**** DATA IN THIS EXERCISE
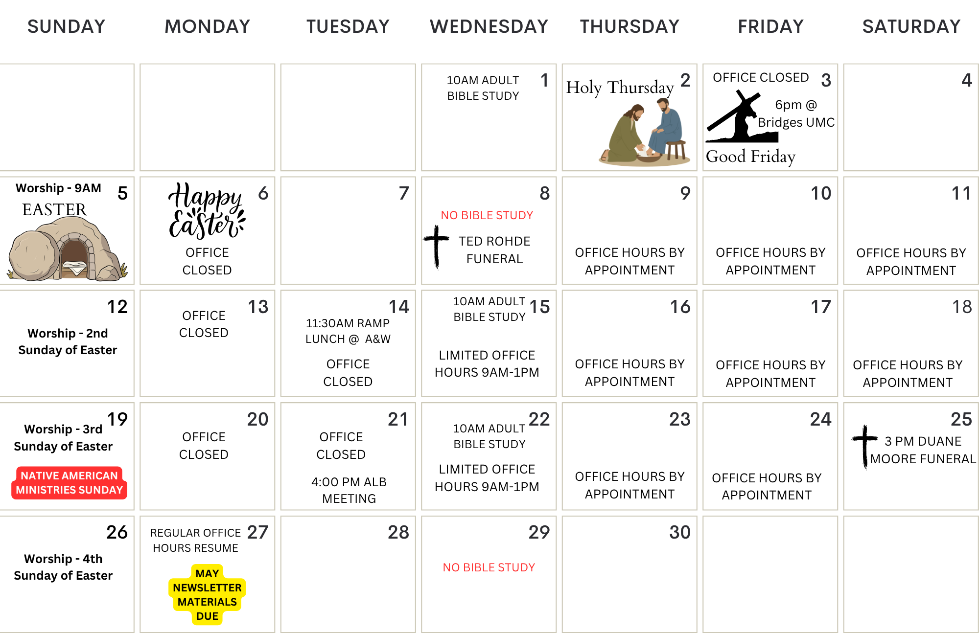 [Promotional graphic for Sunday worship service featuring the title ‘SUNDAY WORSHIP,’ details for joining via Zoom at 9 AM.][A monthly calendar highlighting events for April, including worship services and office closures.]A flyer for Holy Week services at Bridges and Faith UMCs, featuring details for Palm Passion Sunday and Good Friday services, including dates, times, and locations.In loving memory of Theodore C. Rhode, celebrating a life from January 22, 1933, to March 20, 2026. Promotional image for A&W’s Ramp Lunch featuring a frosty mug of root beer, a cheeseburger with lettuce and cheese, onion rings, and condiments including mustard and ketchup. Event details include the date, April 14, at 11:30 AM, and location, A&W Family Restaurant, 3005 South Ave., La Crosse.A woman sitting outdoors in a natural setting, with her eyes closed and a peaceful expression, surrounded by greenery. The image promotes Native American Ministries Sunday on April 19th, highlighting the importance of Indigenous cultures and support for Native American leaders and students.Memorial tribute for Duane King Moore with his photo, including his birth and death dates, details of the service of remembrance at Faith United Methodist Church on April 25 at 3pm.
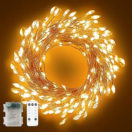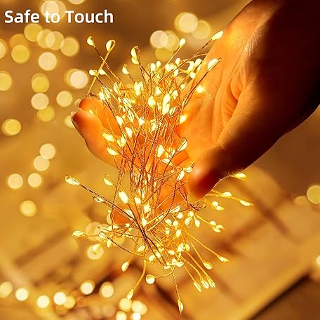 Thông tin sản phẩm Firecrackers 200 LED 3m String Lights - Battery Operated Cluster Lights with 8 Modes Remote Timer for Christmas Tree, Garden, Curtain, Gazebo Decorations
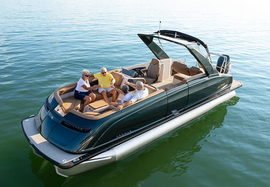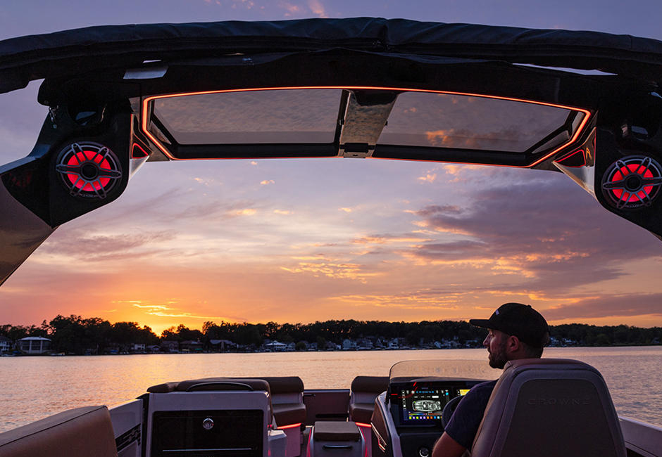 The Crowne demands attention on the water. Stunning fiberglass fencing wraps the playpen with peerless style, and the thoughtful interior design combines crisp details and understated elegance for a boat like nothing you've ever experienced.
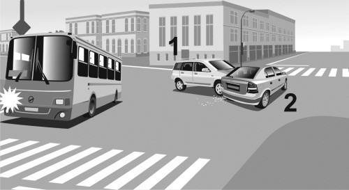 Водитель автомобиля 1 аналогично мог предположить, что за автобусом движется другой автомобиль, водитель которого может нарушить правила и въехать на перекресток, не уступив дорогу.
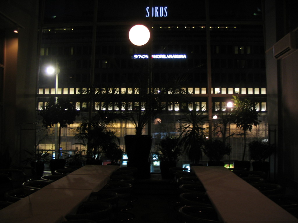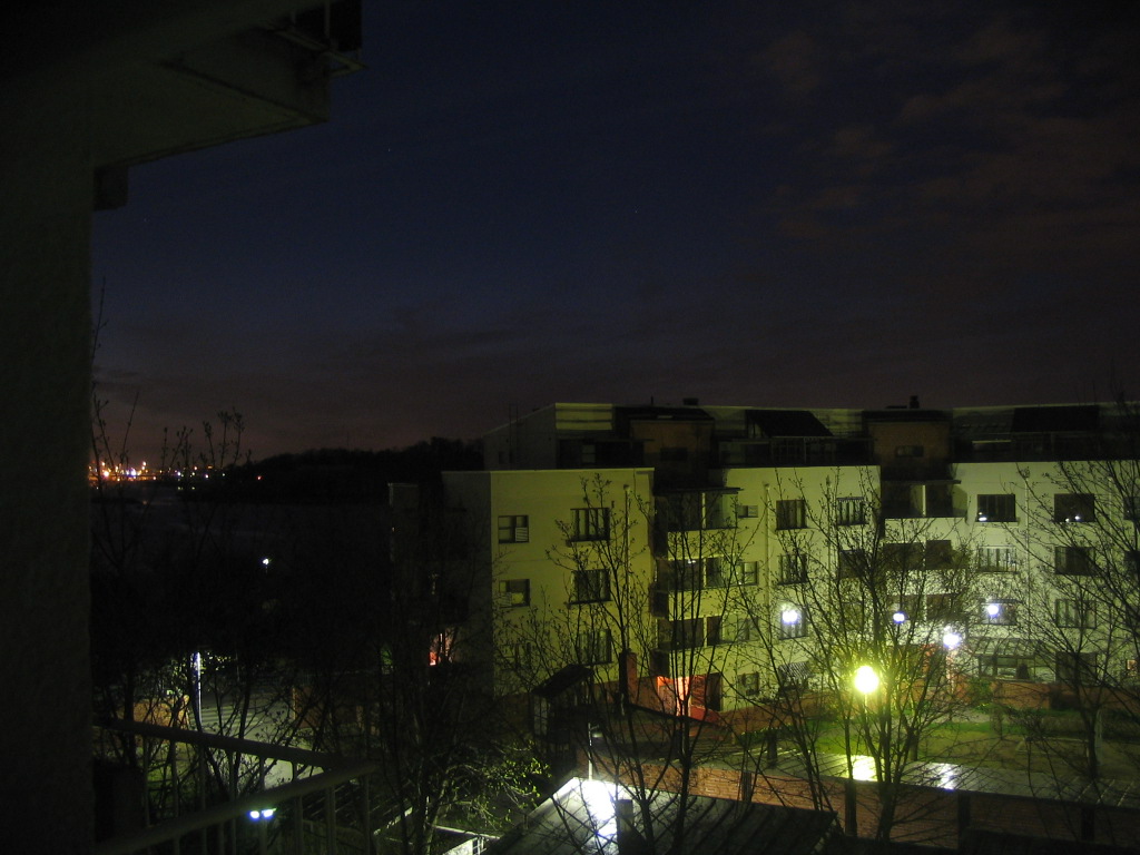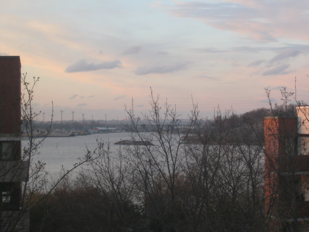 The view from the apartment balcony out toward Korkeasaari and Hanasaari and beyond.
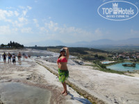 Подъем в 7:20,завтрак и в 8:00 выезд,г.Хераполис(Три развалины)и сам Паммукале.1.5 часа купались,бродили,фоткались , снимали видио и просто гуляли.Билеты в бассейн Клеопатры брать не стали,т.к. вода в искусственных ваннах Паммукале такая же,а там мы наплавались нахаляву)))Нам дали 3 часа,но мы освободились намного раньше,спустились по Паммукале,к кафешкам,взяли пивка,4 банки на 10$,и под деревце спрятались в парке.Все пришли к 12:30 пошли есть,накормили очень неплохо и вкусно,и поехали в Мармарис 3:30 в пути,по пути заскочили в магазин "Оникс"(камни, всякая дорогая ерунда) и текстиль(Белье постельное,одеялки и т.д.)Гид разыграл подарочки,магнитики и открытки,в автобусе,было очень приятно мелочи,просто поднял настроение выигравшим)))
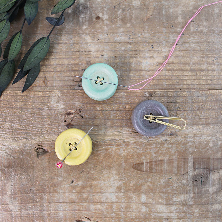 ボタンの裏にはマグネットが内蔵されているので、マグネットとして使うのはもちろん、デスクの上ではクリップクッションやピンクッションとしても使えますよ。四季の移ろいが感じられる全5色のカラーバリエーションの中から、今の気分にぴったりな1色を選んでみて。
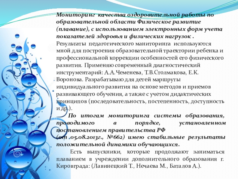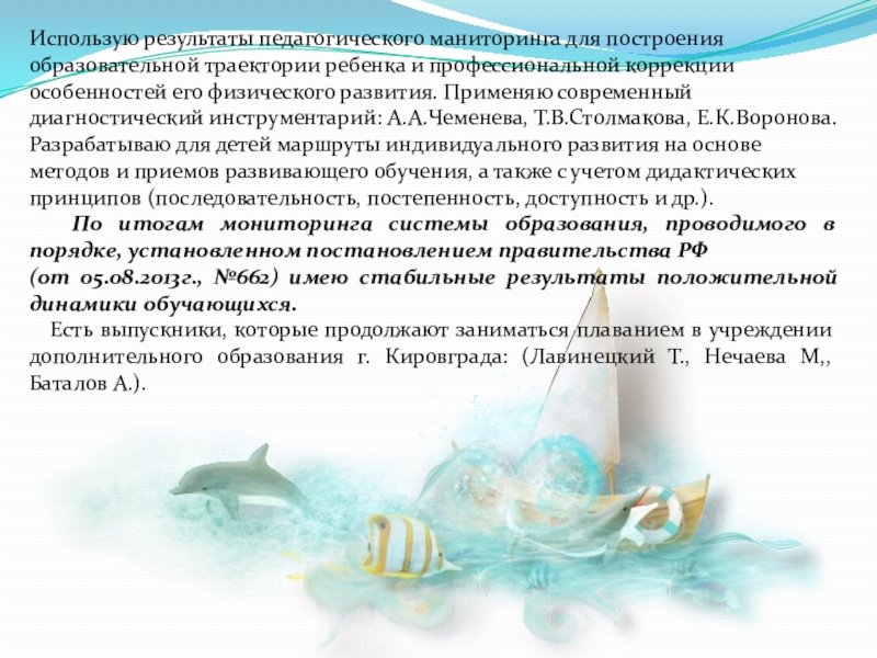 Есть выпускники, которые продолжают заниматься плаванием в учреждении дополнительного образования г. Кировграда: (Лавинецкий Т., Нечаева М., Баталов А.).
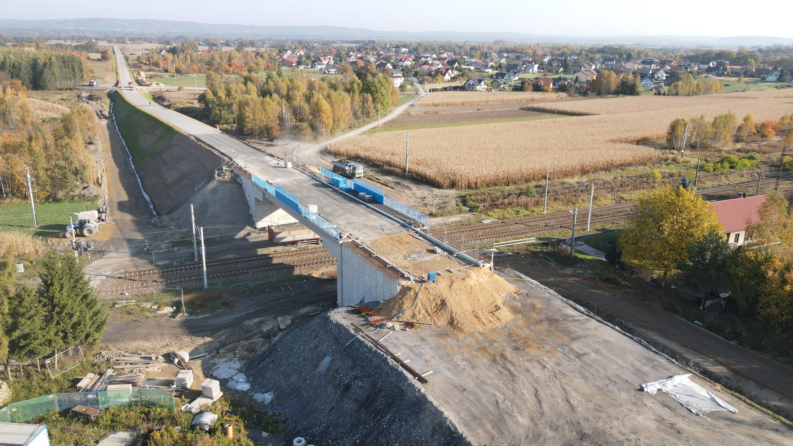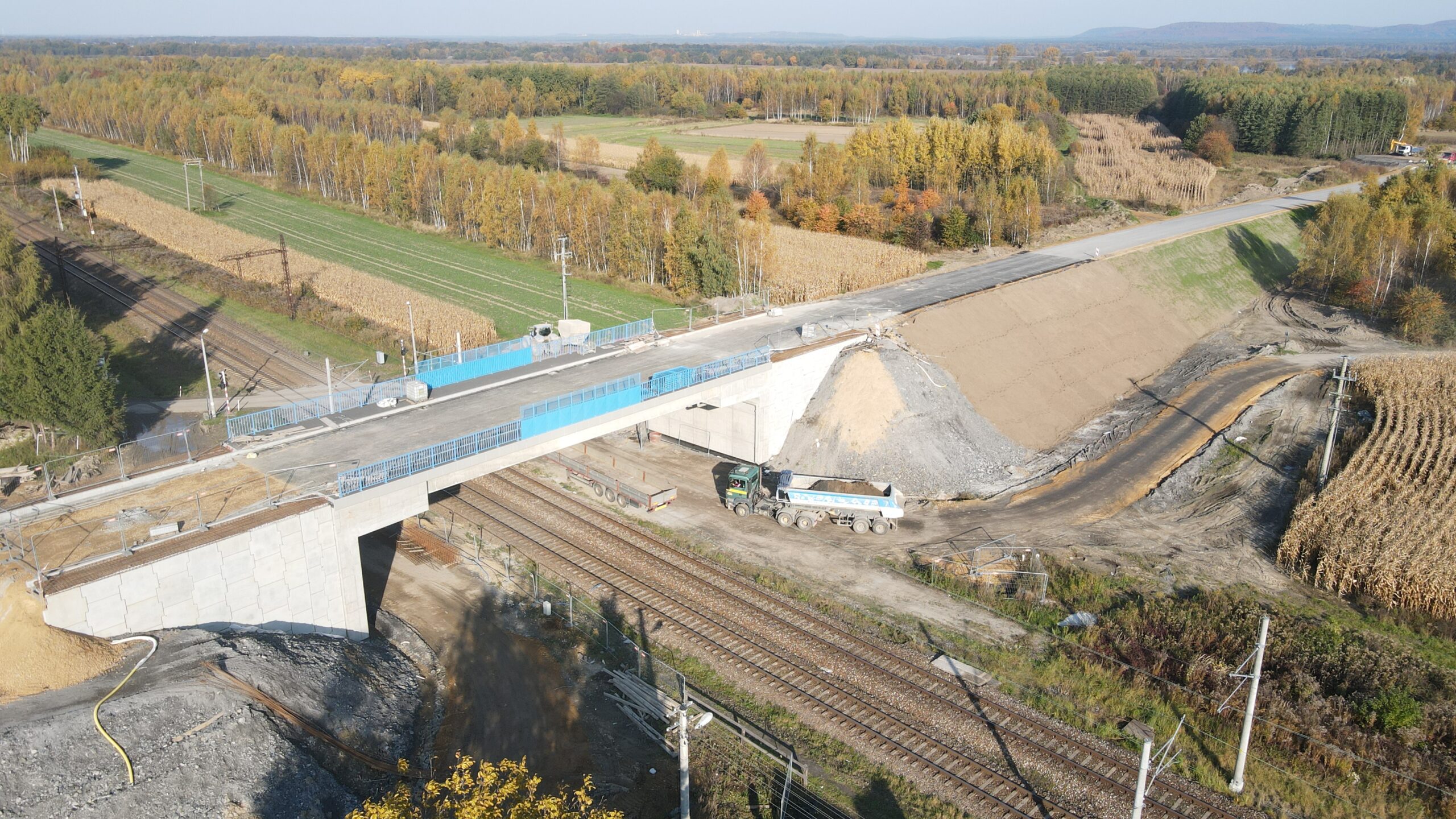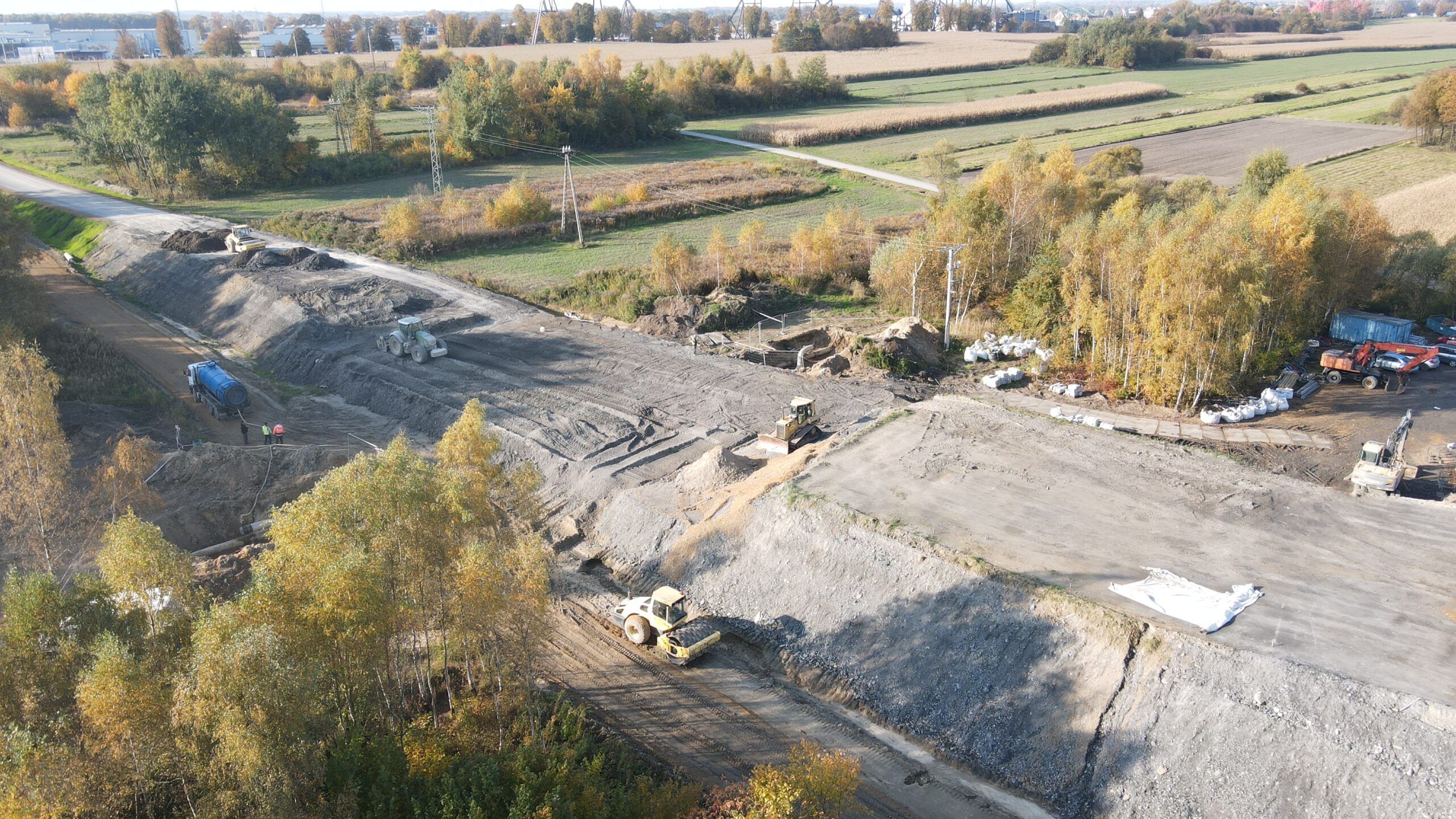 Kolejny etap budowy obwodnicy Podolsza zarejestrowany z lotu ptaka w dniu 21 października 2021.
********
Leaving out every picture, repeat exactly the lines of the records from the start through the line that has "The view from".

 [Promotional graphic for Sunday worship service featuring the title ‘SUNDAY WORSHIP,’ details for joining via Zoom at 9 AM.][A monthly calendar highlighting events for April, including worship services and office closures.]A flyer for Holy Week services at Bridges and Faith UMCs, featuring details for Palm Passion Sunday and Good Friday services, including dates, times, and locations.In loving memory of Theodore C. Rhode, celebrating a life from January 22, 1933, to March 20, 2026. Promotional image for A&W’s Ramp Lunch featuring a frosty mug of root beer, a cheeseburger with lettuce and cheese, onion rings, and condiments including mustard and ketchup. Event details include the date, April 14, at 11:30 AM, and location, A&W Family Restaurant, 3005 South Ave., La Crosse.A woman sitting outdoors in a natural setting, with her eyes closed and a peaceful expression, surrounded by greenery. The image promotes Native American Ministries Sunday on April 19th, highlighting the importance of Indigenous cultures and support for Native American leaders and students.Memorial tribute for Duane King Moore with his photo, including his birth and death dates, details of the service of remembrance at Faith United Methodist Church on April 25 at 3pm.
 Thông tin sản phẩm Firecrackers 200 LED 3m String Lights - Battery Operated Cluster Lights with 8 Modes Remote Timer for Christmas Tree, Garden, Curtain, Gazebo Decorations
 The Crowne demands attention on the water. Stunning fiberglass fencing wraps the playpen with peerless style, and the thoughtful interior design combines crisp details and understated elegance for a boat like nothing you've ever experienced.
 Водитель автомобиля 1 аналогично мог предположить, что за автобусом движется другой автомобиль, водитель которого может нарушить правила и въехать на перекресток, не уступив дорогу.
 The view from the apartment balcony out toward Korkeasaari and Hanasaari and beyond.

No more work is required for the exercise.